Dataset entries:
==========

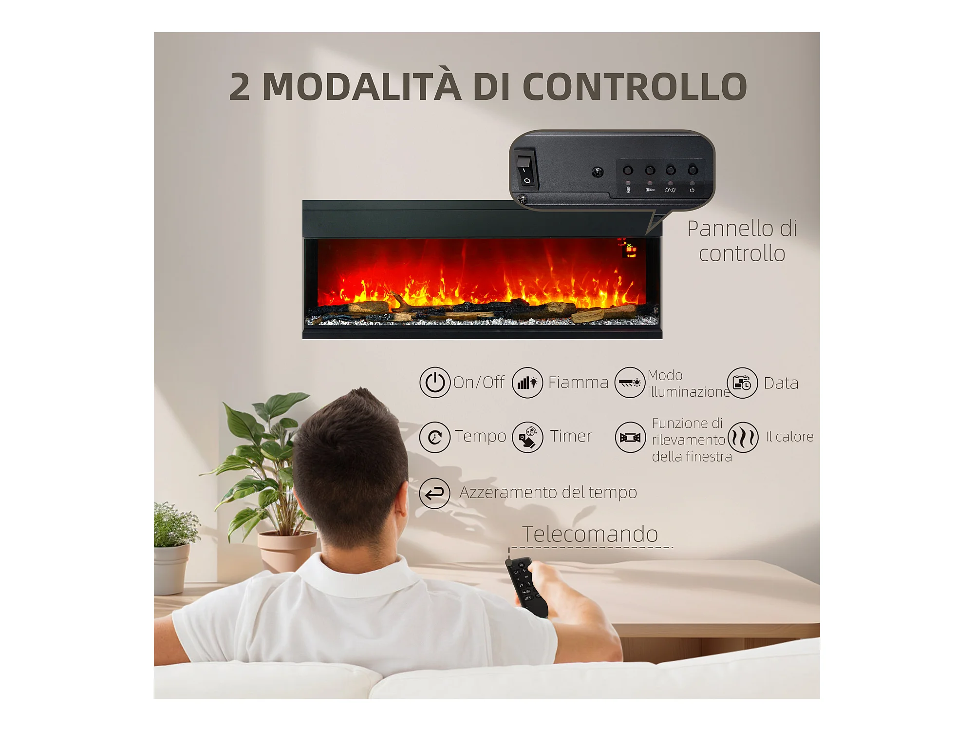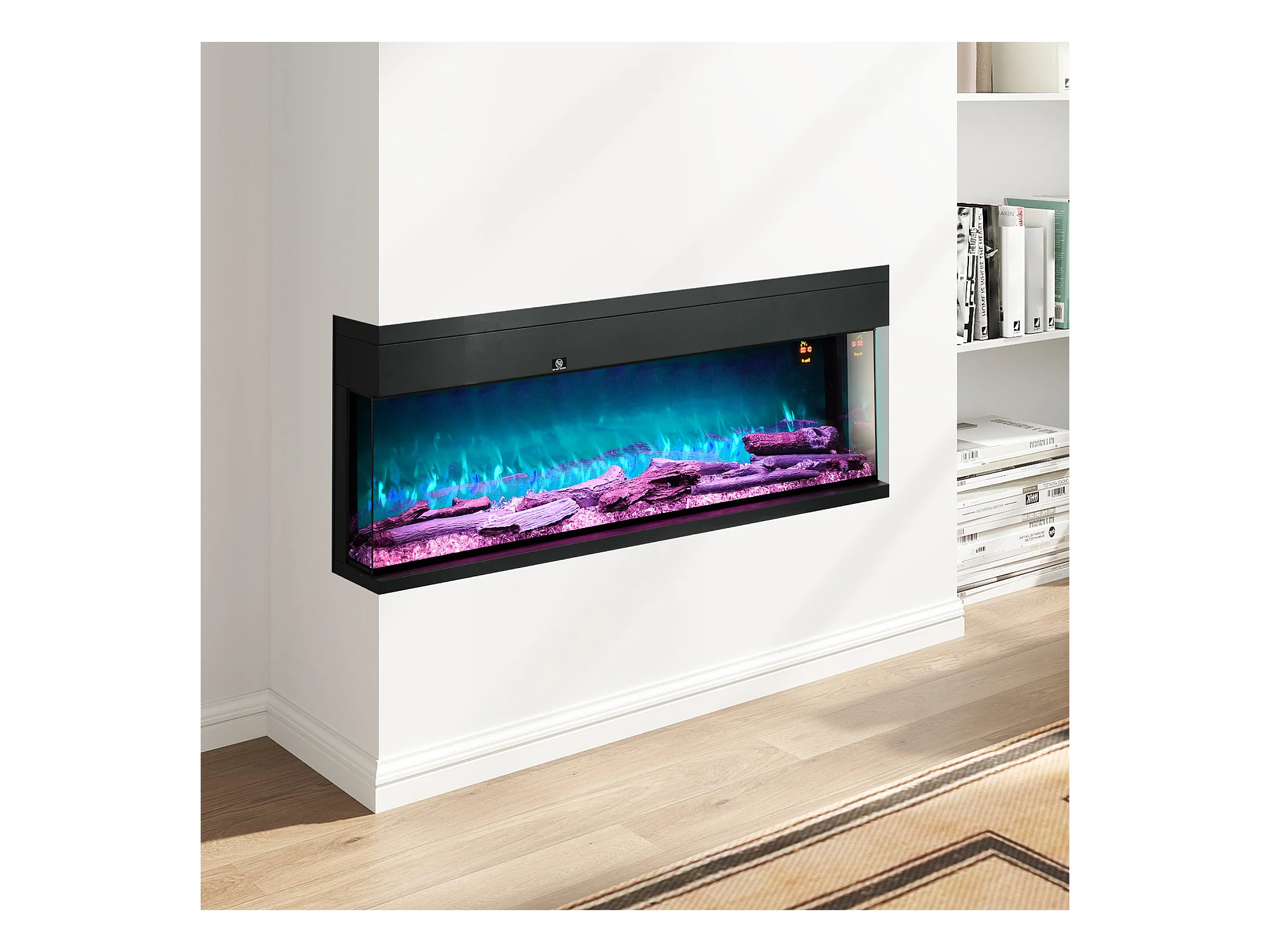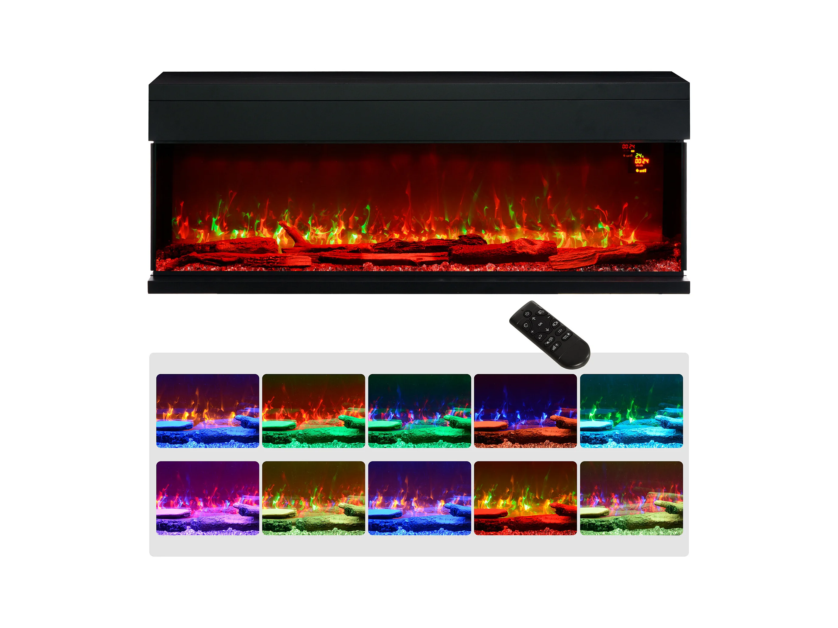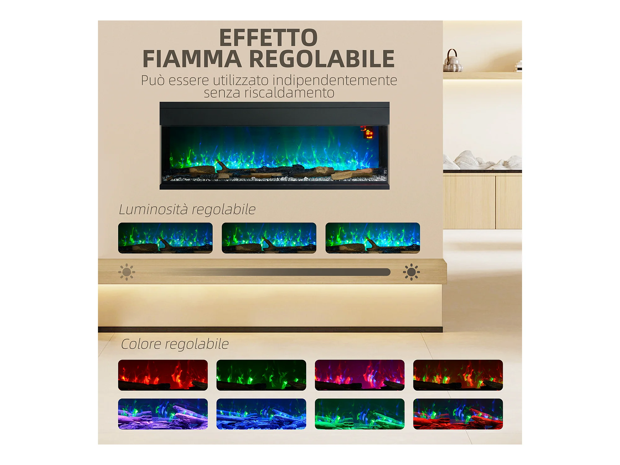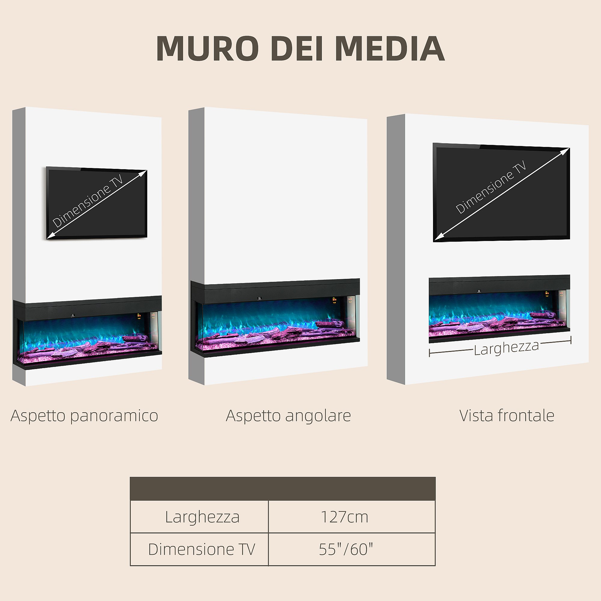 Camino elettrico a incasso e parete 1800W con fiamme colorate
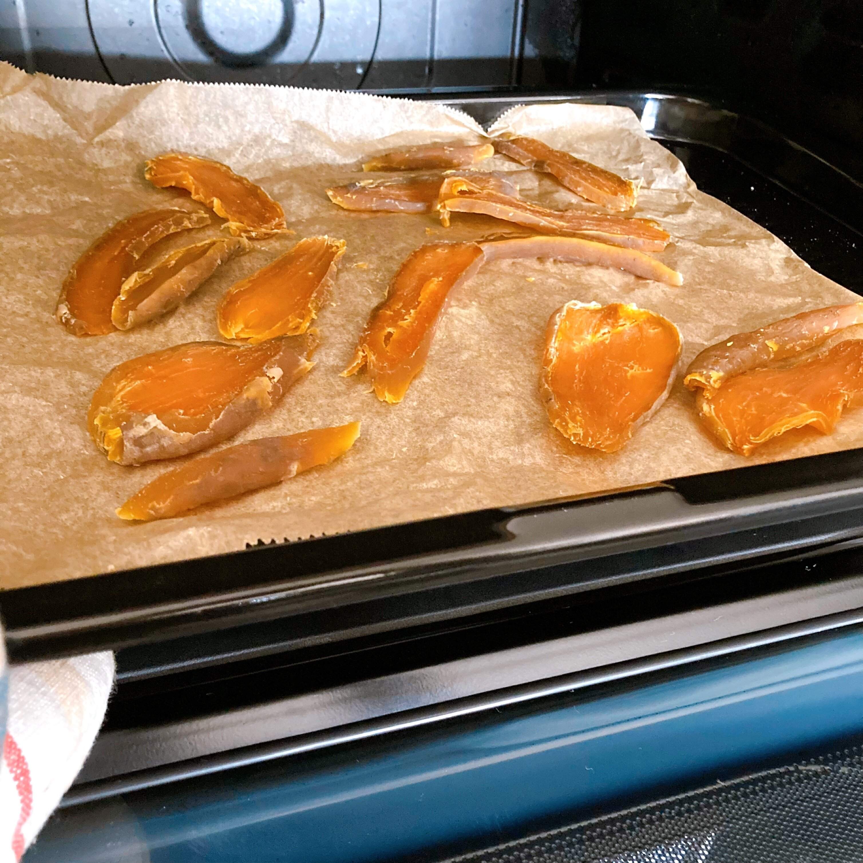 同じように準備して、天板にサツマイモを並べて、100℃に予熱したオーブンで片面1時間、裏返してさらに1時間加熱します。
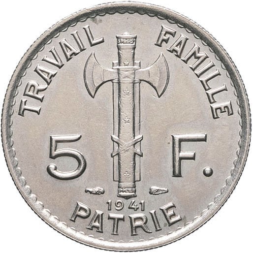 - État Français (1940-1944). 5 francs Pétain 1941, Paris.
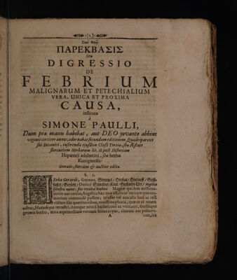 Parekbasis seu digressio de vera, unica, ac proxima causa, febrium cum malignarum et petechialium; tum morbillorum, scorbuti, luis venereae et similium morborum macularum ... nec non de accurata febres has curandi methodo / ... Ab ipso auctore ... recognita, aucta et iterato edita.
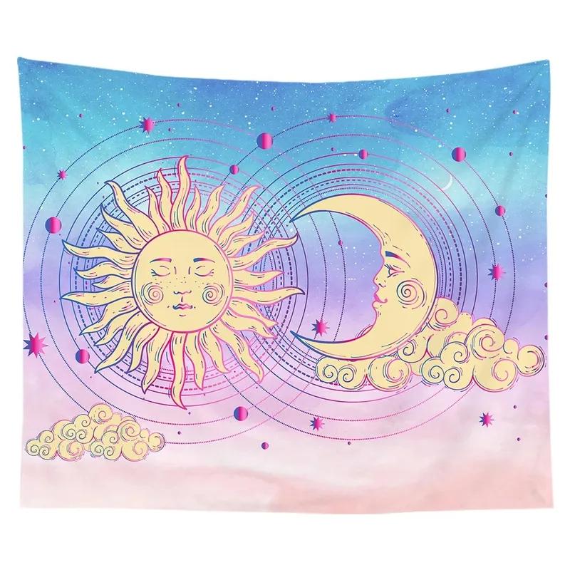 Розовое солнце и луна ретро подвесная ткань украшение на стену для дома гобелен офис гостиная гобелен 100x75cm
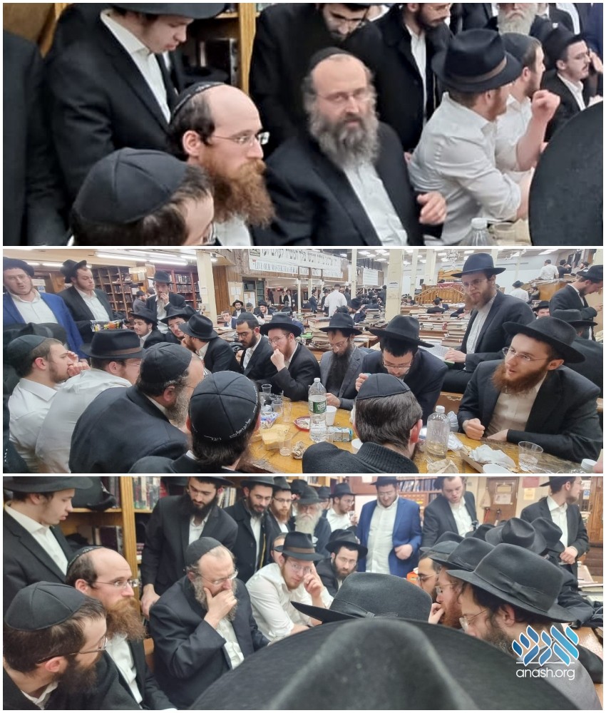 Joining the farbrengen were friends and students of Rabbi Braun, as well as Temimim and community activists,

==========

* Exercise description: Without any pictures, please write out the lines from the one containing "Розовое солнце и" through the final line of the data, exactly and inclusive of both ends.

* Expected answer:
 Розовое солнце и луна ретро подвесная ткань украшение на стену для дома гобелен офис гостиная гобелен 100x75cm
 Joining the farbrengen were friends and students of Rabbi Braun, as well as Temimim and community activists,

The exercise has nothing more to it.